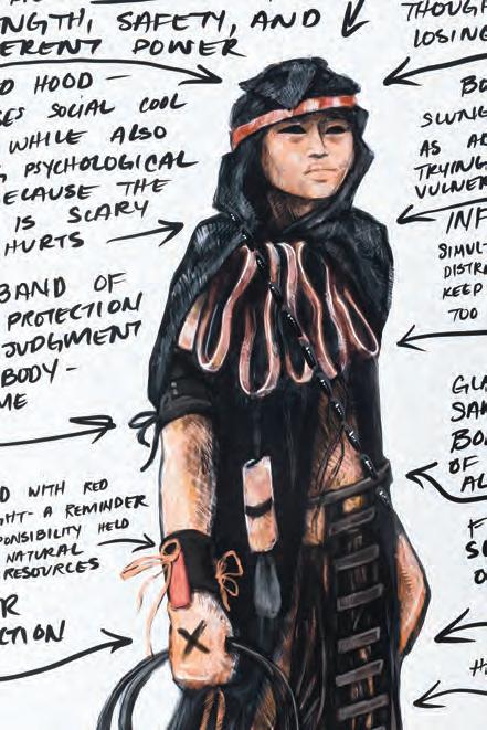 Rose B. Simpson’s (Santa Clara Pueblo) sculpture in the exhibition, Innate (2021), clothed in protective gear may appear to expand upon the message of the artist’s 2014 Maria. With Maria, Simpson, “craft[ed] post-apocalyptic Indigenous warrior accouterments out of leather, metal, found objects, and ceramic components.”20 On further discussion, however, Simpson and Douglas explained that Innate was not supposed to be displayed wearing the protective gear. The accompanying drawings of the clothed figure were meant to function as a key to the, “protective crap’s meaning and what the figure would have looked like adorned with it.”21 In other words, while Maria was centered on showcasing protection, Innate was supposed to depict vulnerability. Completed days before being delivered to the show, Simpson’s Innate intends to move beyond what Maria had done. The accouterments were supposed to surround the figure instead of it being adorned. Simpson intended to have the Innate sculpture unwrapped and posed in between images that explained the figure’s, “transition from feeling the need to ‘protect’ oneself with warrior imagery or ‘stuff.’”22 While Douglas explained that she offered to remove the adornments after the symposium, time hadn’t permitted it, and Simpson decided to leave it as is. I followed with her regarding how she felt about the piece not being displayed as she intended,
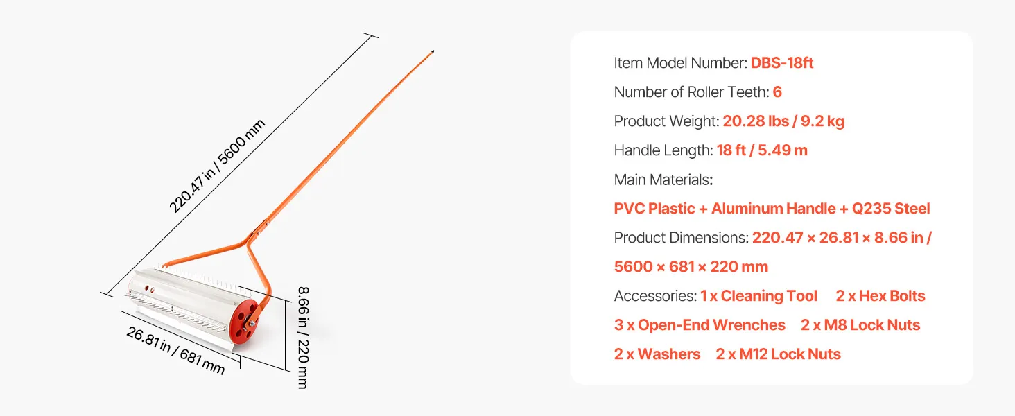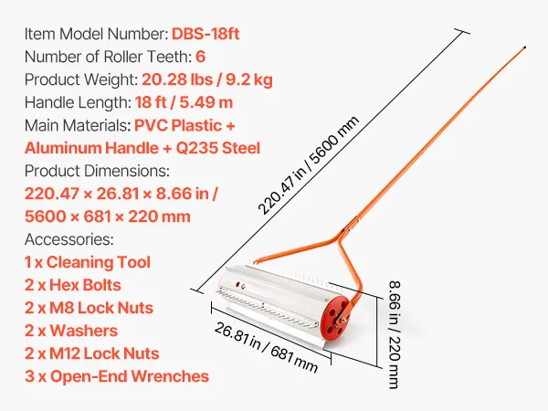 VEVOR Teichrechen 5,49 m, See- & Teichunkrautwalze zur Entfernung von See- & Teichunkraut, Schlammfräse, Wurzeln & Schlammablagerungen, 6 vormontierte Edelstahlklingen, 5 Aluminiumgriffe VEVOR Teichrechen 5,49 m, See- & Teichunkrautwalze zur Entfernung von See- & Teichunkraut, Schlammfräse, Wurzeln & Schlammablagerungen, 6 vormontierte Edelstahlklingen, 5 Aluminiumgriffe
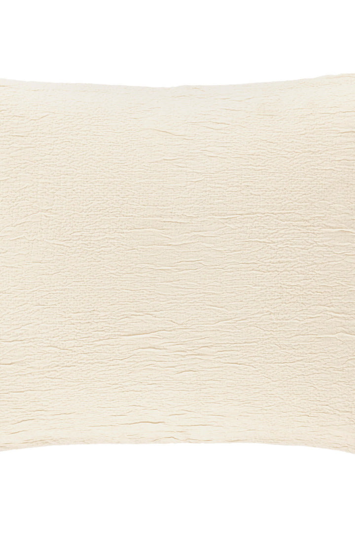 A lovely deconstructed, crinkle pattern matelassé duvet cover and sham add lashings of textural wabi-sabi to a sleek white bed when paired with tailored sheets, shams, and bed skirts. Woven from cool comfy cotton, stonewashed and tumbled to buttery soft laundered comfort.
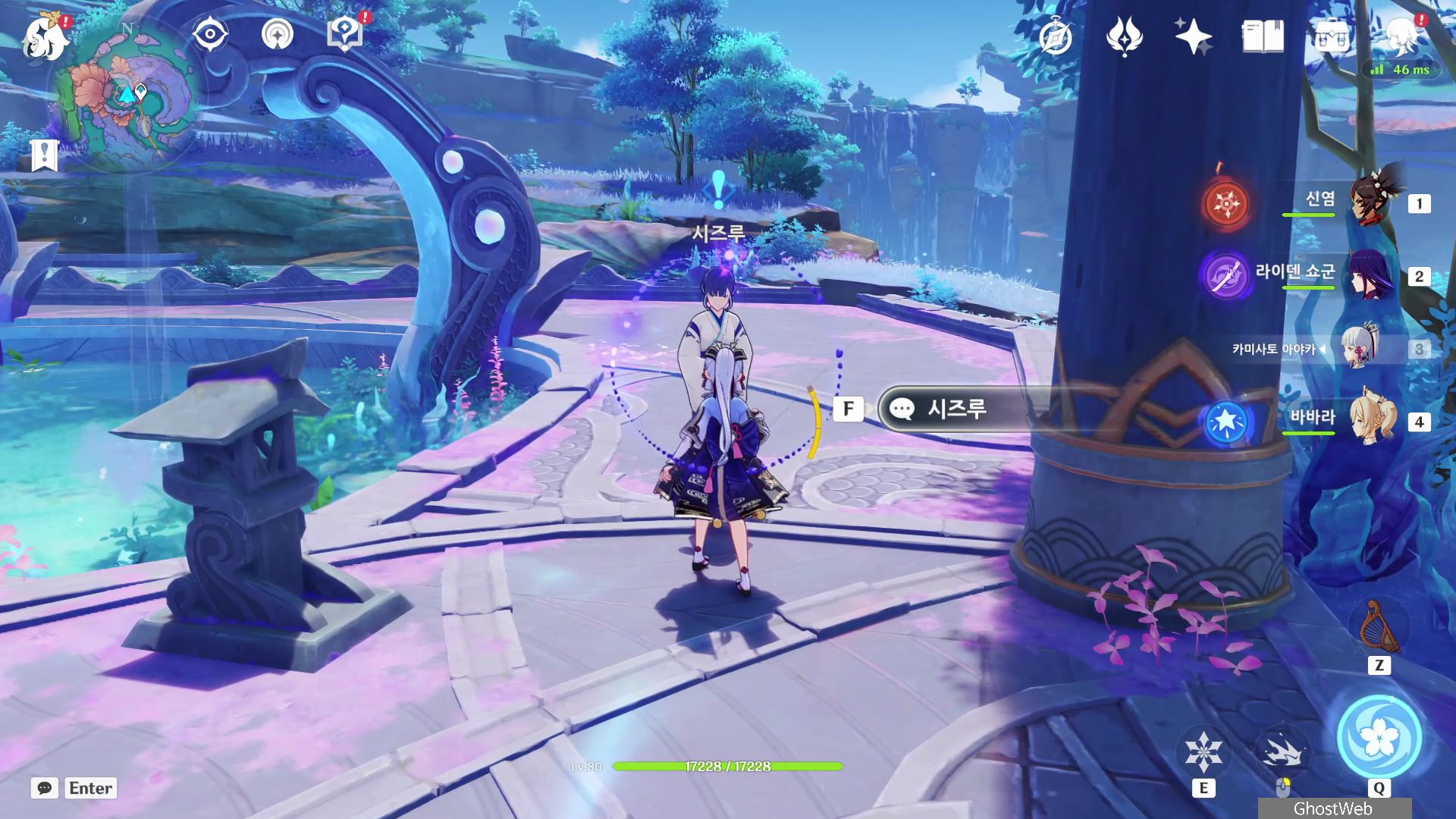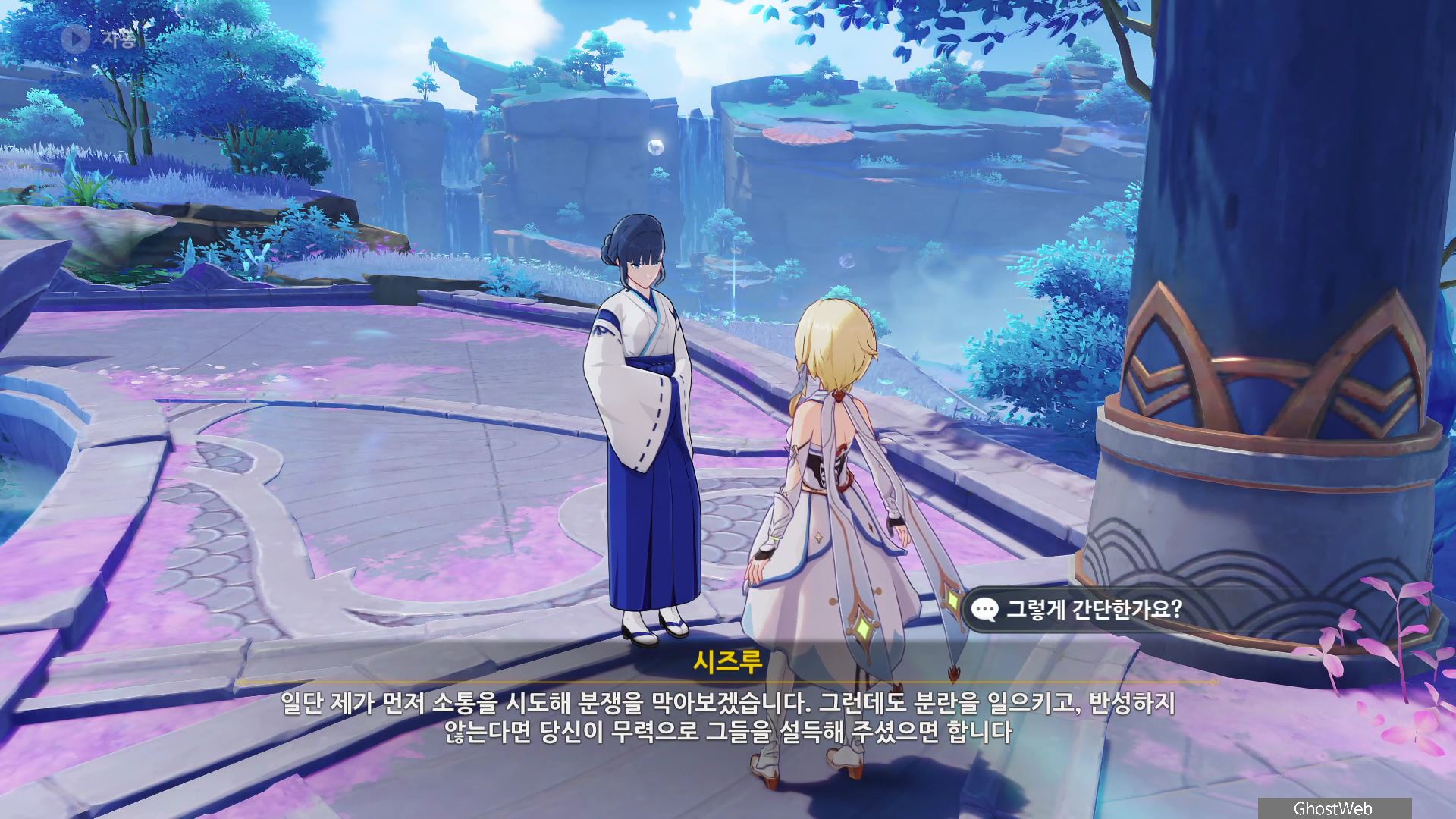 와타츠미섬 산호궁 워프 포인트에서 산호궁으로 올라가다 보면 오른쪽 편에 <시즈루>를 만날 수 있는데, 시즈루와 대화를 시작하면 이나즈마 평판 임무인 <앞마당 청소>를 진행할 수 있어요.
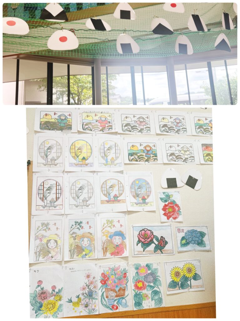 デイルームの飾りは、ご利用者様が色んな「おにぎり」を作ってくれて「海苔」を巻いてくれました!
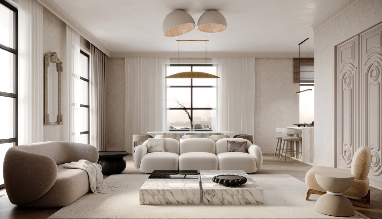 灯如珍珠,沙发似云朵,纯洁的原木色给纯净的空间注入一丝活泼。
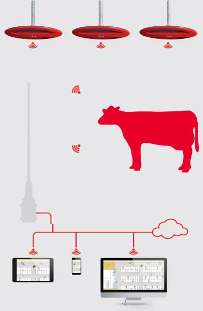 Несколько антенн устанавливаются в коровнике, которые получают информацию от респондеров на шее коровы. Антенны, в свою очередь, передают информацию в Lely T4C. Таким образом, Lely CowLocator
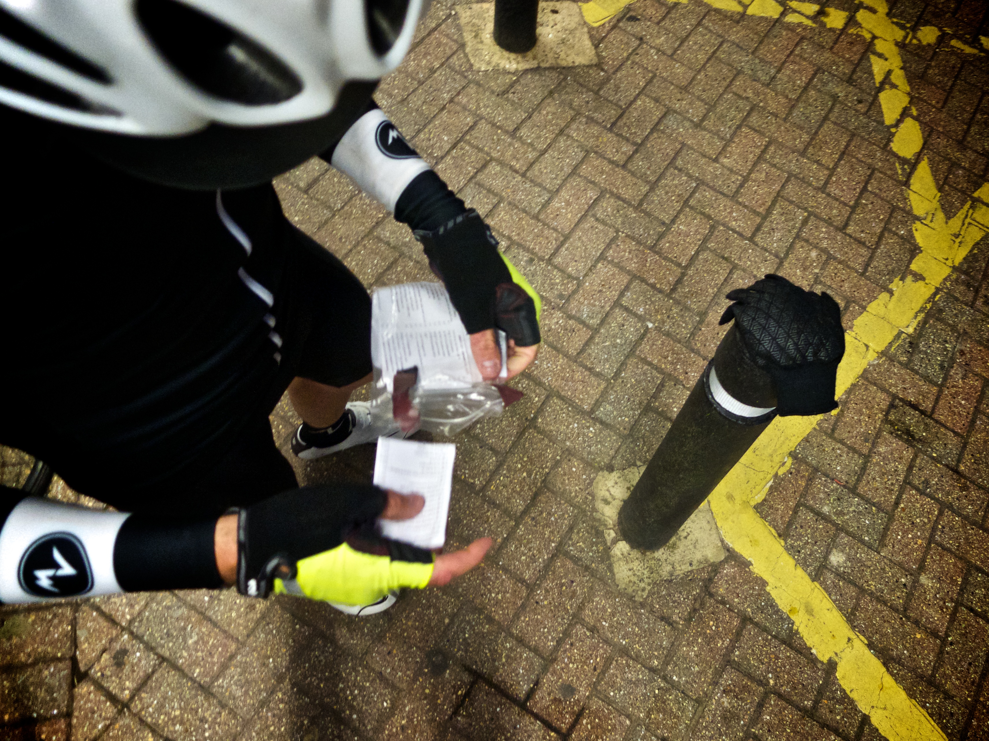 Ivan from Audax Club Hackney hands us our brevet cards from the boot of a car near the Cutty Sark. Tea and coffee are available on a trestle table set up around the corner in an underground car park where a bunch of hi-viz clad riders are gathered listening to the rider briefing. We forego warm caffeine and follow blinking rear lights along the long straight Roman road towards Kent.
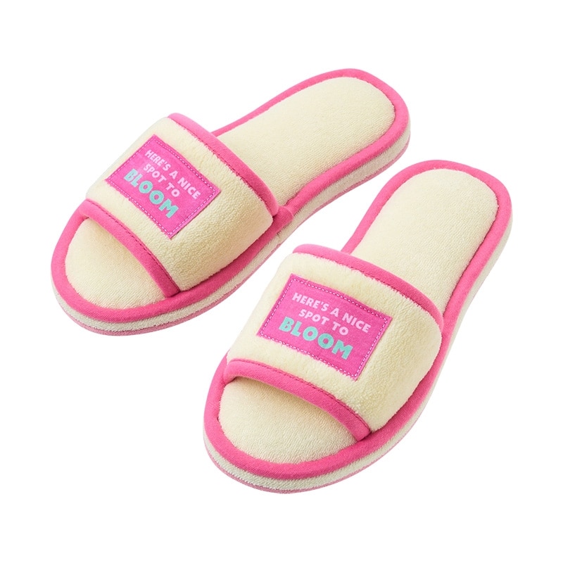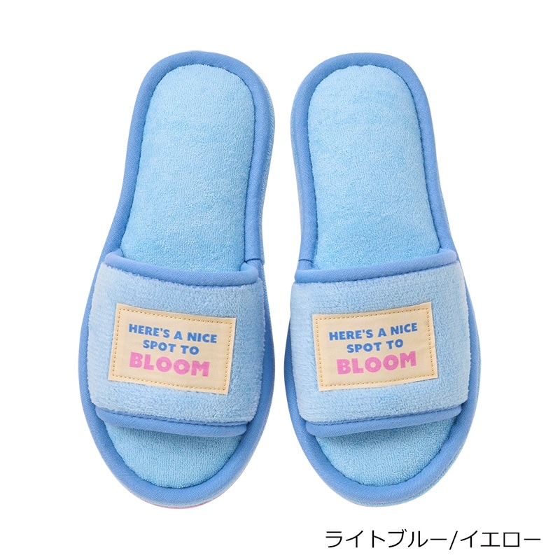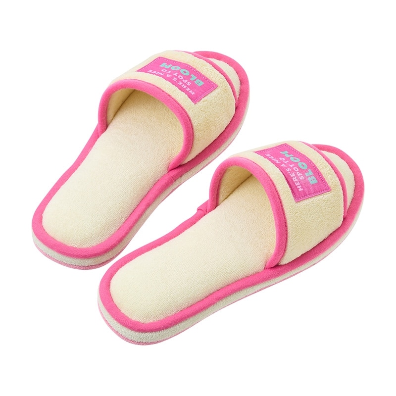 ふわふわパイルが気持ちいい、季節を問わずに使えるオープントゥのルームスリッパ。洗濯機で丸洗い可能なので衛生的。
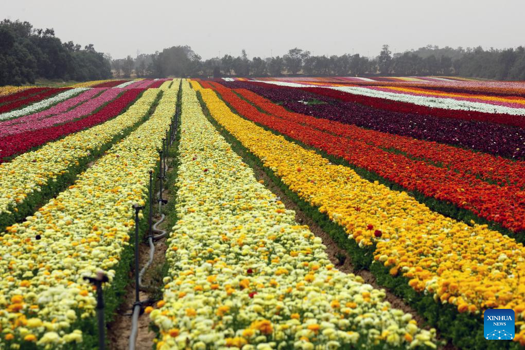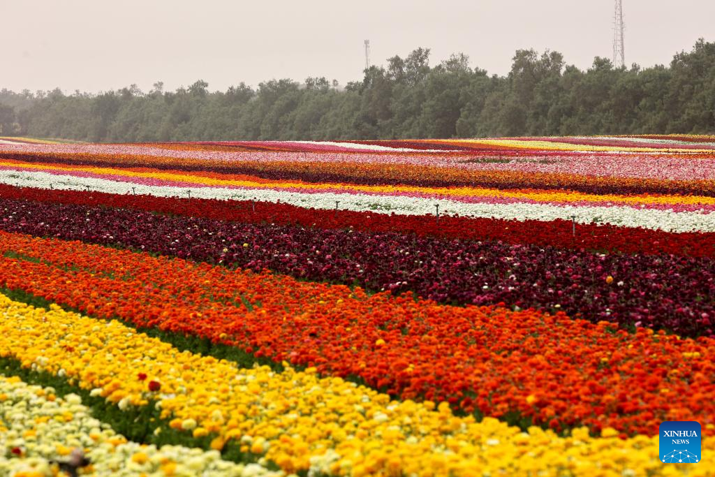 This photo taken on April 8, 2025 shows buttercup fields in Kibbutz Holit, Israel. (Photo by Gil Cohen Magen/Xinhua)
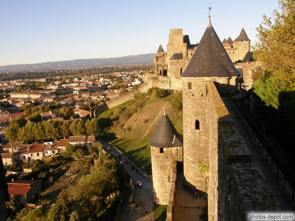 Remparts, Tours et descente à la porte d'Aude, France, Languedoc Roussillon, Carcassonne
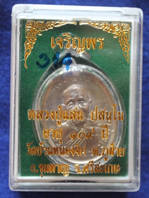 วัดใจ..100 เหรียญเจริญพรบน หลวงปู่แสน ปสนโน เนื้อนวะโลหะแก่เงิน หมายเลข 314 เลี่ยมพลาสติก |
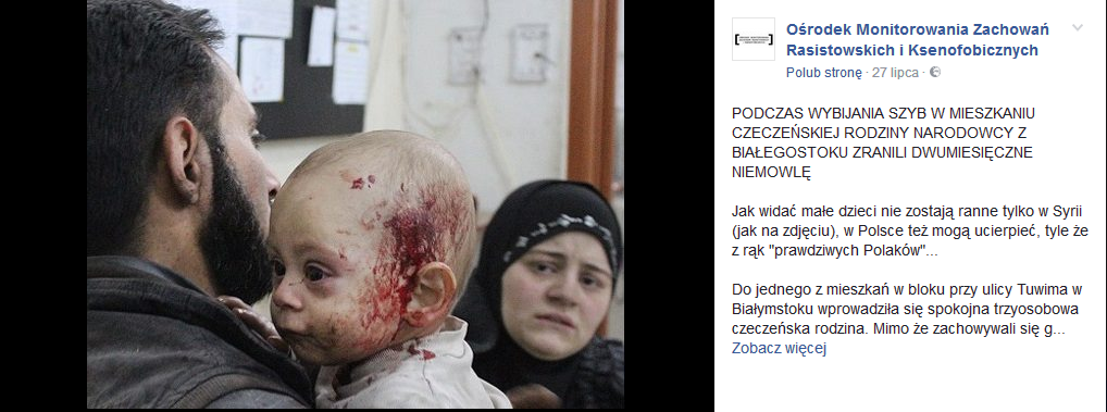 Ośrodek Monitorowania Zachowań Rasistowskich i Ksenofobicznych na swojej facebookowej stronie opublikował w zeszłym tygodniu post, w którym zamieścił historię niemowlęcia zranionego przez narodowców z Białegostoku. Podczas wybijania szyb w domu czeczeńskiej rodziny, mieli oni zranić dwumiesięczne dziecko. Portal natemat.pl zwraca jednak uwagę, że historia i dodane do niej zdjęcie są manipulacją.

WHAT YOU ARE ASKED TO DO → Output every entry exactly, leaving out pictures.

REPLY →
 Rose B. Simpson’s (Santa Clara Pueblo) sculpture in the exhibition, Innate (2021), clothed in protective gear may appear to expand upon the message of the artist’s 2014 Maria. With Maria, Simpson, “craft[ed] post-apocalyptic Indigenous warrior accouterments out of leather, metal, found objects, and ceramic components.”20 On further discussion, however, Simpson and Douglas explained that Innate was not supposed to be displayed wearing the protective gear. The accompanying drawings of the clothed figure were meant to function as a key to the, “protective crap’s meaning and what the figure would have looked like adorned with it.”21 In other words, while Maria was centered on showcasing protection, Innate was supposed to depict vulnerability. Completed days before being delivered to the show, Simpson’s Innate intends to move beyond what Maria had done. The accouterments were supposed to surround the figure instead of it being adorned. Simpson intended to have the Innate sculpture unwrapped and posed in between images that explained the figure’s, “transition from feeling the need to ‘protect’ oneself with warrior imagery or ‘stuff.’”22 While Douglas explained that she offered to remove the adornments after the symposium, time hadn’t permitted it, and Simpson decided to leave it as is. I followed with her regarding how she felt about the piece not being displayed as she intended,
 VEVOR Teichrechen 5,49 m, See- & Teichunkrautwalze zur Entfernung von See- & Teichunkraut, Schlammfräse, Wurzeln & Schlammablagerungen, 6 vormontierte Edelstahlklingen, 5 Aluminiumgriffe VEVOR Teichrechen 5,49 m, See- & Teichunkrautwalze zur Entfernung von See- & Teichunkraut, Schlammfräse, Wurzeln & Schlammablagerungen, 6 vormontierte Edelstahlklingen, 5 Aluminiumgriffe
 A lovely deconstructed, crinkle pattern matelassé duvet cover and sham add lashings of textural wabi-sabi to a sleek white bed when paired with tailored sheets, shams, and bed skirts. Woven from cool comfy cotton, stonewashed and tumbled to buttery soft laundered comfort.
 와타츠미섬 산호궁 워프 포인트에서 산호궁으로 올라가다 보면 오른쪽 편에 <시즈루>를 만날 수 있는데, 시즈루와 대화를 시작하면 이나즈마 평판 임무인 <앞마당 청소>를 진행할 수 있어요.
 デイルームの飾りは、ご利用者様が色んな「おにぎり」を作ってくれて「海苔」を巻いてくれました!
 灯如珍珠,沙发似云朵,纯洁的原木色给纯净的空间注入一丝活泼。
 Несколько антенн устанавливаются в коровнике, которые получают информацию от респондеров на шее коровы. Антенны, в свою очередь, передают информацию в Lely T4C. Таким образом, Lely CowLocator
 Ivan from Audax Club Hackney hands us our brevet cards from the boot of a car near the Cutty Sark. Tea and coffee are available on a trestle table set up around the corner in an underground car park where a bunch of hi-viz clad riders are gathered listening to the rider briefing. We forego warm caffeine and follow blinking rear lights along the long straight Roman road towards Kent.
 ふわふわパイルが気持ちいい、季節を問わずに使えるオープントゥのルームスリッパ。洗濯機で丸洗い可能なので衛生的。
 This photo taken on April 8, 2025 shows buttercup fields in Kibbutz Holit, Israel. (Photo by Gil Cohen Magen/Xinhua)
 Remparts, Tours et descente à la porte d'Aude, France, Languedoc Roussillon, Carcassonne
 วัดใจ..100 เหรียญเจริญพรบน หลวงปู่แสน ปสนโน เนื้อนวะโลหะแก่เงิน หมายเลข 314 เลี่ยมพลาสติก |
 Ośrodek Monitorowania Zachowań Rasistowskich i Ksenofobicznych na swojej facebookowej stronie opublikował w zeszłym tygodniu post, w którym zamieścił historię niemowlęcia zranionego przez narodowców z Białegostoku. Podczas wybijania szyb w domu czeczeńskiej rodziny, mieli oni zranić dwumiesięczne dziecko. Portal natemat.pl zwraca jednak uwagę, że historia i dodane do niej zdjęcie są manipulacją.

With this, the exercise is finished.